After determining it has "evolved into two distinct investment and business opportunities,"  scientific instrument maker Agilent Technologies (A -1.53%) announced today that it intends to split into two, publicly traded companies.

Following the split, one of the companies will specialize in life sciences, diagnostics, and applied markets and retain the Agilent name, while the other will be comprised of its current portfolio of electronic measurement (EM) solutions. The "new" Agilent will generate an estimated $3.9 billion in revenues in fiscal 2013, and EM is expected to have fiscal 2013 annual revenue of approximately $2.9 billion, the company said.

Agilent shareholders will receive a pro-rata distribution of shares in the new EM company in what Agilent says will be a tax-free transaction. The deal is not expected to impact Agilent's 2013 earnings guidance, according to its statement.

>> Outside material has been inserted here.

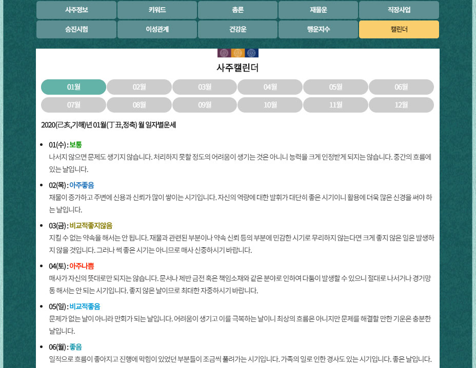 대분류에 해당하는 사주정보와 키워드 풀이, 총론 풀이, 재물운, 직장 및 사업운, 승진시험운, 이성관계운, 건강운, 행운지수운. 캘린더별 운수를 볼 수 있어 매우 도움이 되었습니다.
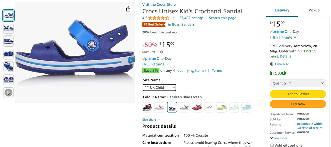 If you're after some sandals for the kids for the summer these Crocs Unisex Kid's Crocband Sandals are a great price at Amazon right now. They're priced from just £15 in either Cerulean Blue or Navy & Red, making them half price.

Bill Sullivan will remain in his role as president and CEO of Agilent following the split, as will current CFO Didier Hirsch. Agilent President and COO Ron Nersesian has been named EM's new president and CEO, and will also be EVP of Agilent, following the spinoff.

Commenting on the appointment of Nersesian as EM's president and CEO, Sullivan said "He has an excellent track record of running this business, and he has the vision and expertise to position the new company for accelerated growth and success."

The spinoff of Agilent's EM business is expected to close by the end of 2014, subject to customary closing conditions.

Santa Clara, Calif.-based Agilent, which was itself spun off from Hewlett-Packard in 1999, has had five major spinoffs since 2005.

-- Material from The Associated Press was used in this report.